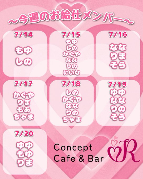 なな@前橋コンカフェR@ccbr_Nana·7時間出勤簿確認ヾ(*´∀`*)ノ引用前橋コンセプトカフェ&バーR@ccb_r_maebashi·7月16日🫶🏻今週の出勤情報🫶🏻 いつもご帰宅ありがとうございます!!! 今週のお給仕メンバーをお知らせいたします📢 みなさまのご帰宅をお待ちしてます♡ ※出勤メンバーは変更になる場合がございます。 #コンカフェ #群馬 #前橋49
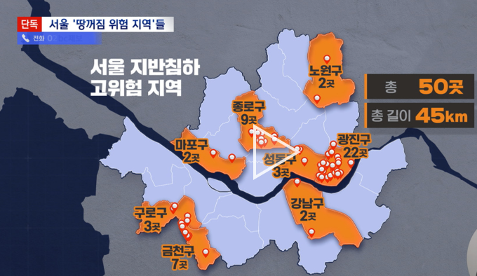 그런데 서울시가 지난해 10월 각 자치구로부터 의견을 받아 '땅 꺼짐' 위험이 높은 50곳의 고위험지역을 정부에 보고한 사실이 MBC 취재를 통해 확인됐습니다.
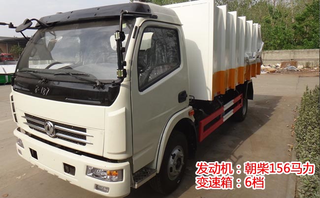 東風(fēng)多利卡D7對(duì)接式垃圾車(chē),D7單排駕駛室,朝柴156馬力發(fā)動(dòng)機(jī),6檔變速箱,.2噸后橋,7.50R16鋼絲胎,氣剎,帶ABS,方向助力。
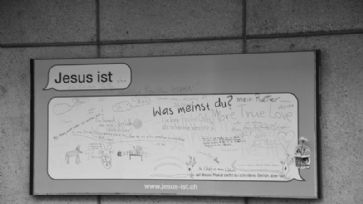 Inhaltlich wird die Jesus-ist-Kampagne kaum viel Neues hervorbringen, denn dafür eignet sich diese Form des «Dialogs» schlicht nicht. Vorwiegend zieren kurz nach dem Aufhängen Botschaften wie «mein Leben» oder «mein Erretter» die grossen, weissen Flächen der Plakate. Aussagen also, die am ehesten die Gedankenwelt evangelikal sozialisierter Personen widerspiegeln. Dies ist wohl kein Zufall, rufen doch die Kampagnenmacher auf Facebook ihr Umfeld dazu auf, die Plakate mit einem eigenen Statement zu versehen, und ein Foto davon als Hintergrundbild zu verwenden. Religiös Distanzierte dürften im Schnitt wohl weniger motiviert sein, ihre Gedanken auf den Plakaten festzuhalten.

• **Problem statement**: The lines wanted run from the first one in the material above through the line containing "東風(fēng)多利卡D7對"; give them again exactly, leaving out the pictures.

• **Solution below**:
 なな@前橋コンカフェR@ccbr_Nana·7時間出勤簿確認ヾ(*´∀`*)ノ引用前橋コンセプトカフェ&バーR@ccb_r_maebashi·7月16日🫶🏻今週の出勤情報🫶🏻 いつもご帰宅ありがとうございます!!! 今週のお給仕メンバーをお知らせいたします📢 みなさまのご帰宅をお待ちしてます♡ ※出勤メンバーは変更になる場合がございます。 #コンカフェ #群馬 #前橋49
 그런데 서울시가 지난해 10월 각 자치구로부터 의견을 받아 '땅 꺼짐' 위험이 높은 50곳의 고위험지역을 정부에 보고한 사실이 MBC 취재를 통해 확인됐습니다.
 東風(fēng)多利卡D7對(duì)接式垃圾車(chē),D7單排駕駛室,朝柴156馬力發(fā)動(dòng)機(jī),6檔變速箱,.2噸后橋,7.50R16鋼絲胎,氣剎,帶ABS,方向助力。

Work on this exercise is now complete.